The SENCAR mouse, selectively bred for sensitivity to skin tumor induction by two-stage chemical carcinogenesis, is also genetically hypersensitive to skin carcinogenesis by high doses of UV. Skin fibroblasts from the SENCAR mouse exposed during G2 phase to radiation associated with intracellular hydroxyl radical formation, i.e. X-rays or near UV/visible light, showed a higher frequency of chromatid breaks at 2 h post-irradiation than skin fibroblasts from six other inbred strains of mice including C3H/HeN. However the level was similar to that reported previously for the BALB/cAn mouse known to be resistant to chemical carcinogenesis of skin. When exposed for 2 h to visible light (8 W/m2), chromatid breaks persisted in fibroblasts from the SENCAR mouse during the 4 h post-irradiation period, but showed an abrupt decline in C3H/HeN fibroblasts within 1 h after irradiation.
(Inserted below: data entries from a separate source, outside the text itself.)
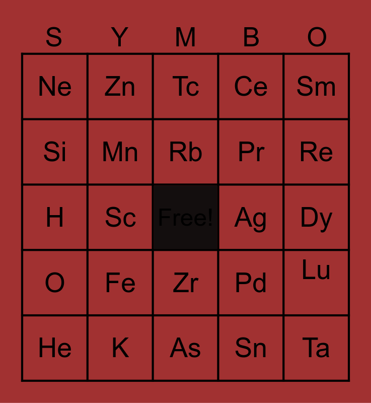 This bingo card has a free space and 24 words: He, Fe, Rb, Sn, Sm, Ne, Zn, Tc, Ag, Dy, H, Mn, Pd, Lu, Si, K, As, Ce, Re, O, Sc, Zr, Pr and Ta.
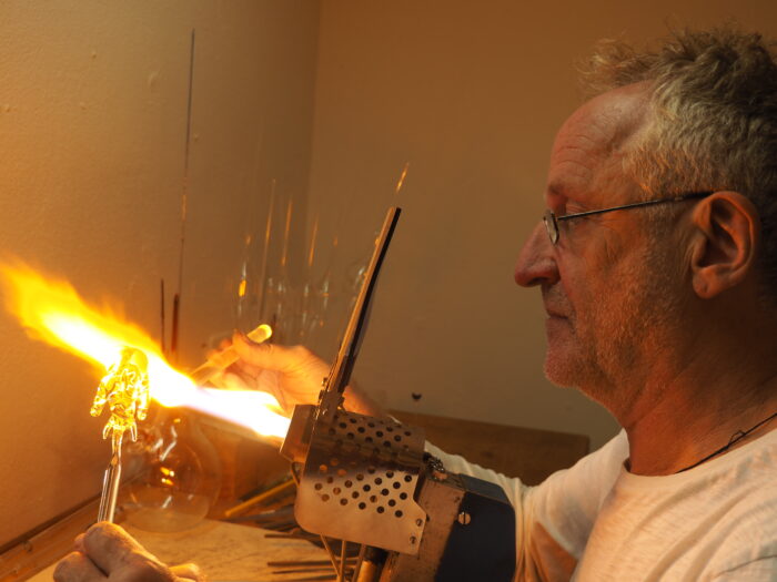 Glas fließt unter den Händen des Glasbläsers alois Hechl. In der Flamme wird es heiß und beginnt zu fließen wie Honig und es beginnt der Kampf gegen die Schwerkraft. In nur einem Bruchteil einer Sekunde ist die Form in der Symmetrie. Und etwas später ist schon die Kugel, das Glas, der Stiel, die Figur aus der Form geraten. Die Genialität des Handwerks besteht darin so nah wie möglich an die Perfektion zu gelangen und doch nicht perfekt zu sein. So bekommt jedes einzelne Glas seine Individualität und wird zum Einzelstück.
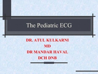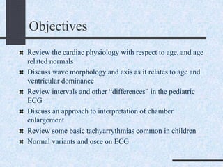 The ECG shows a pattern of right ventricular hypertrophy with a large R wave in lead V1 and deep S wave in lead V6, suggesting enlarged right ventricle. This, along with the juvenile T wave pattern of inverted T waves in the precordial leads from birth to age 8, are consistent with the normal developmental changes described in the document as the left ventricle increases in dominance from birth through childhood. The document provides an overview of normal pediatric ECG patterns and intervals across age groups as well as common arrhythmias and abnormalities.
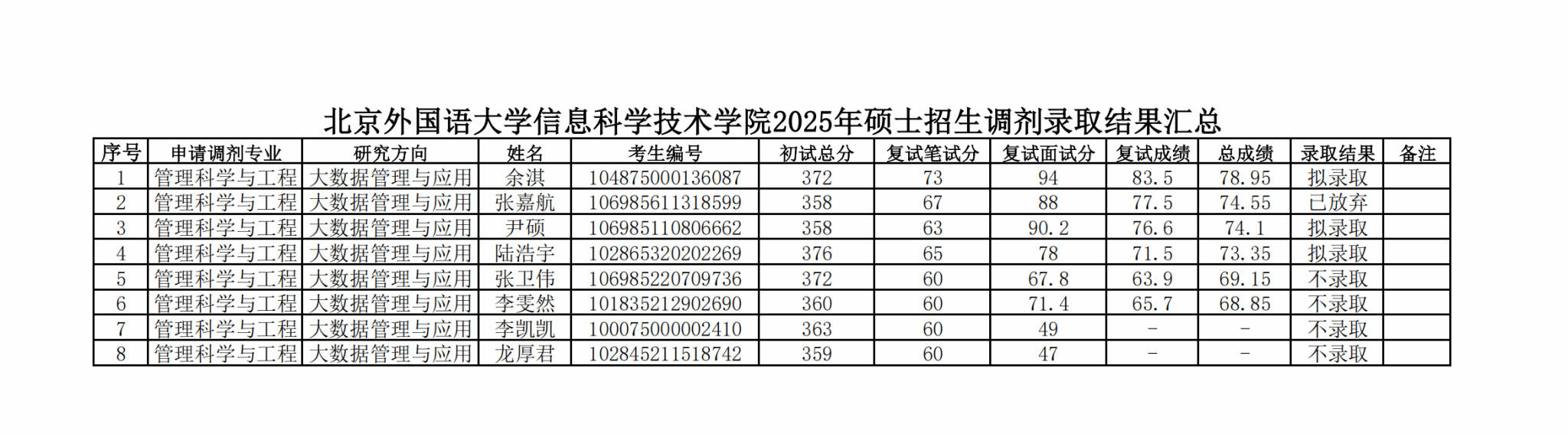 澳门网投官方网站2025年硕士招生调剂复试拟录取结果
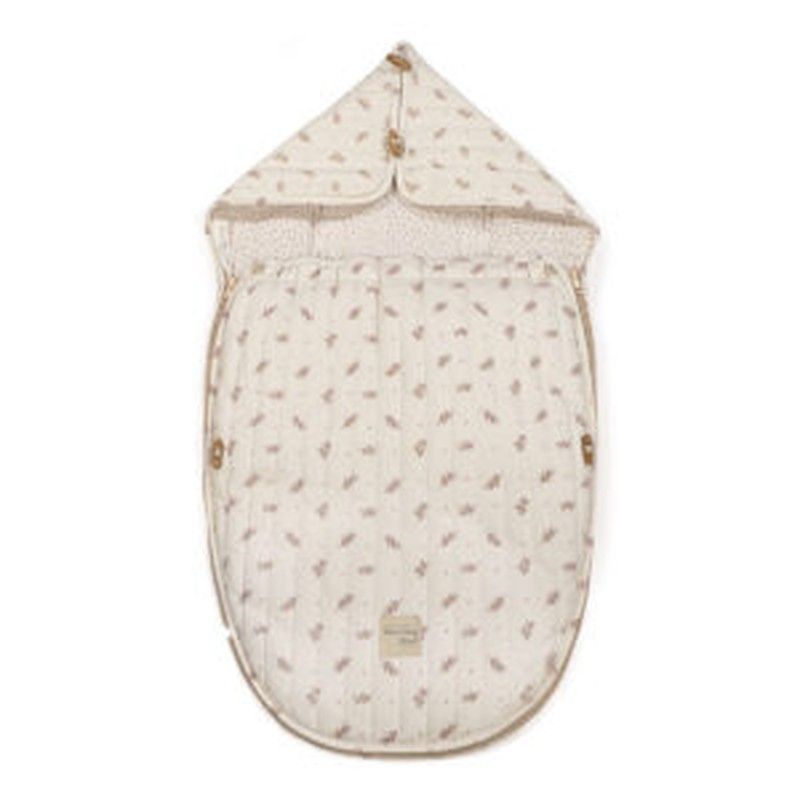 Saco Cuco 2 en 1 entretiempo Mimosa Walking Mum, ideal para bebés de 0 a 12 meses. Confeccionado en algodón y poliéster, ofrece comodidad y protección térmica. Diseño con estampado de hojas marrones sobre fondo blanco, cierre con botones de madera y capucha acolchada. Perfecto para paseos y uso diario, garantiza suavidad y seguridad para tu pequeño
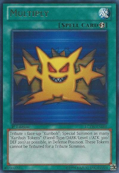 Tribute 1 face-up ‘Kuriboh’; Special Summon as many ‘Kuriboh Tokens’ (Fiend/DARK/Level 1/ATK 300/DEF 200) as possible, in Defense Position. They cannot be Tributed for a Tribute Summon.
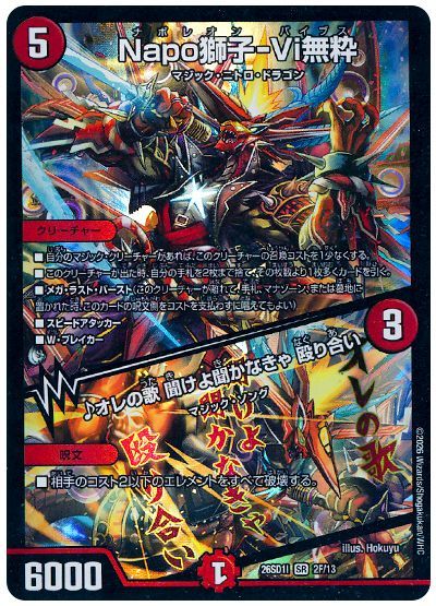 - コスト軽減された《Napo獅子-Vi無粋/♪オレの歌 聞けよ聞かなきゃ 殴り合い》の攻撃時に《 芸魔王将 カクメイジン 》に革命チェンジ
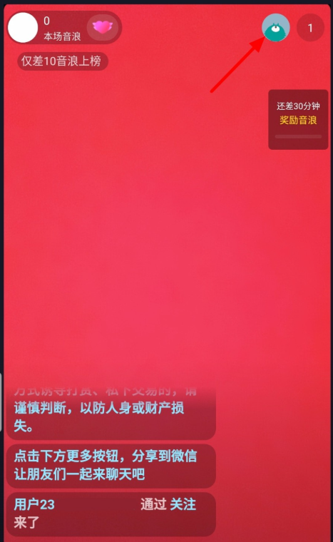 点击【开始视频直播】,进入直播间,如图,直播页面,点击右上角的在线观众图标,
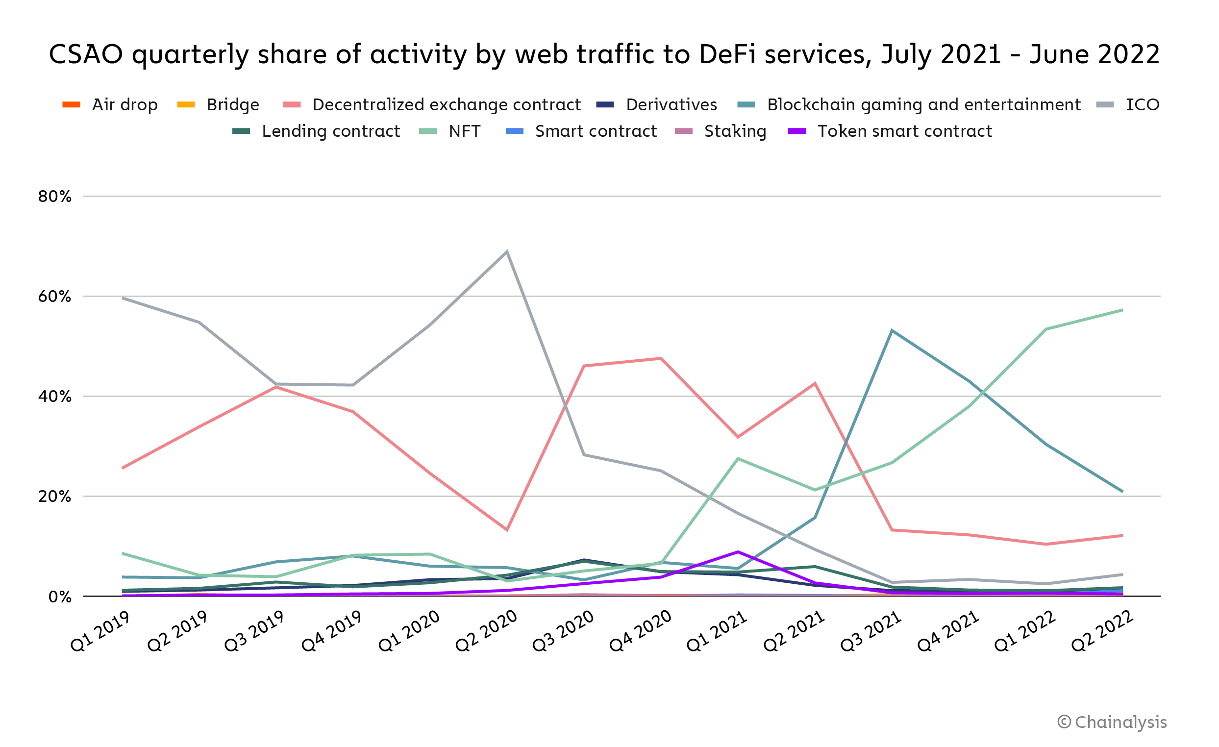 For instance, web traffic patterns suggest NFTs are perhaps the biggest on-ramp into DeFi for CSAO today. 58% of DeFi-related web traffic from CSAO users in Q2 2022 was NFT related; another 21% was to the websites of play-to-earn blockchain games.
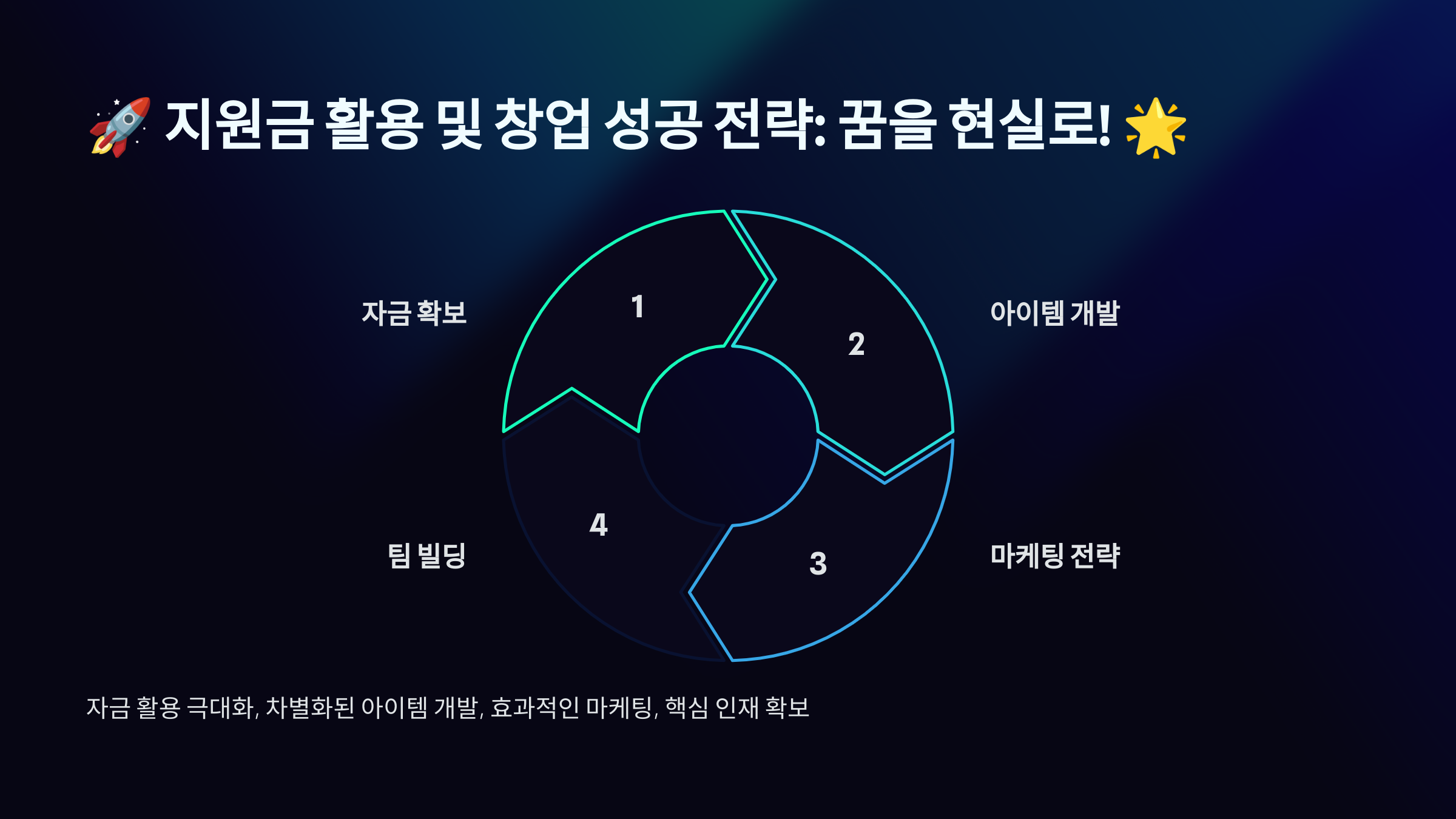- ✅ 스타트업 투자 프로그램 도전: 기술 기반 창업이라면 민간 액셀러레이터 투자를 받아보세요.
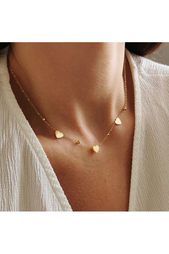 Kaklo papuošalas aukso spalvos su širdelėmis iš nerūdijančio plieno
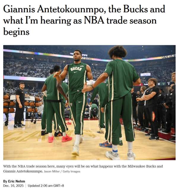 据名记Chris Haynes报道,字母哥对关于他的各种交易传闻感到不安。Chris Haynes直言:“根据一周前我与他的对话,他表示对这些传言感到不适。他强调流言并非源自他本人——多数相关讨论都来自他的代表团队。”
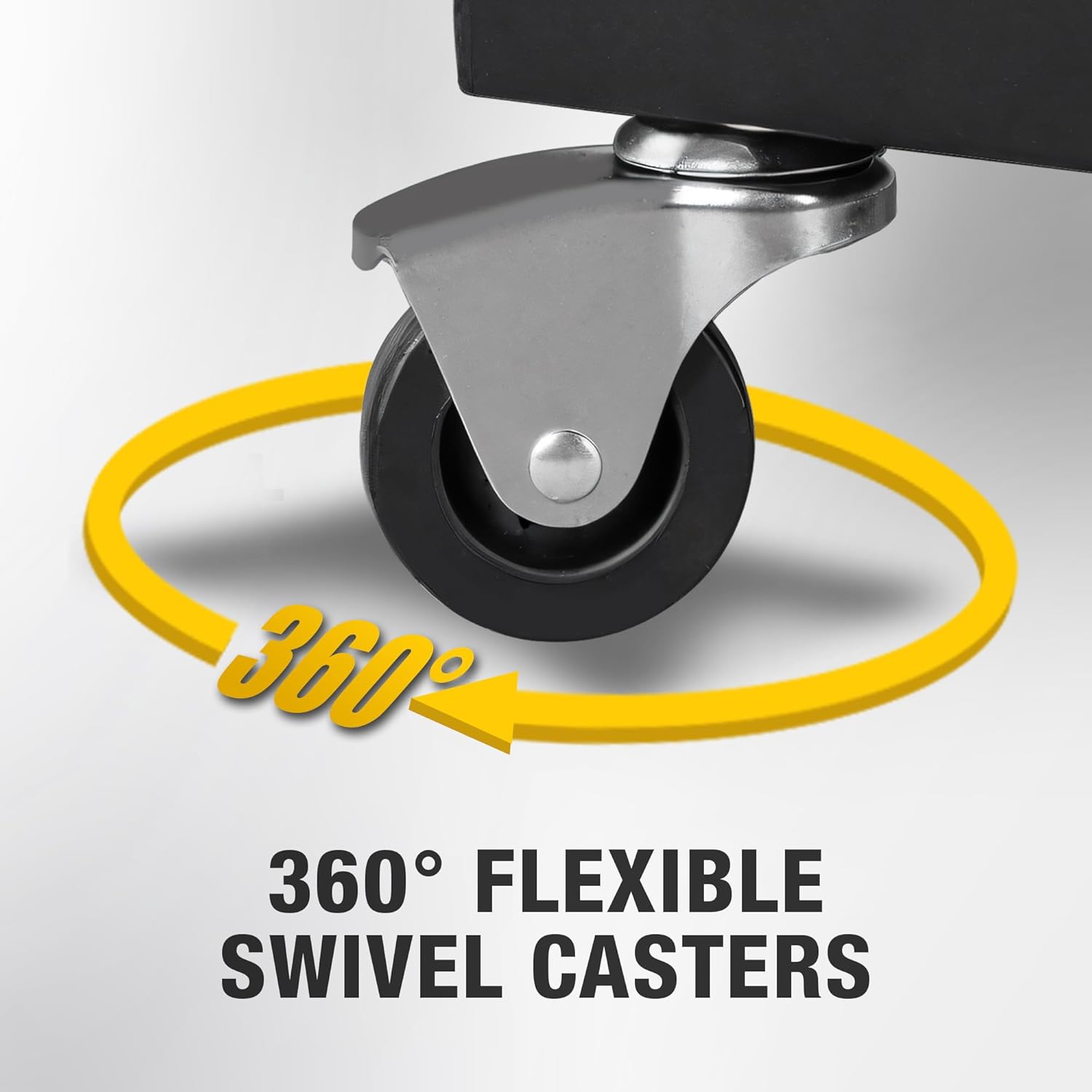 - Smooth and Flexible Movement: Equipped with 4x 360° swivel casters, this rolling stool for garage ensures effortless mobility as a mechanics rolling stool or shop rolling stool, covering all directions for work stools with wheels.

Skin fibroblasts from the tumor-sensitive SENCAR mouse differed from those of the resistant BALB/cAn in response to beta-cytosine arabinoside (ara-C) an inhibitor of the repair polymerase. Ara-C added to cultures of SENCAR and BALB/cAn cells after G2 X-irradiation (68R) increased chromatid gaps 18-fold and breaks 2-fold in BALB/cAn cells but had no effect on SENCAR cells even though incorporated into DNA to the same extent. The present results suggest that the SENCAR mouse is deficient in at least two aspects of DNA repair: (i) ligation or a prior step in the repair process leading to ligation and (ii) repair endonucleolytic incision at DNA lesions induced by irradiation.

PMID:
2791207
[PubMed - indexed for MEDLINE]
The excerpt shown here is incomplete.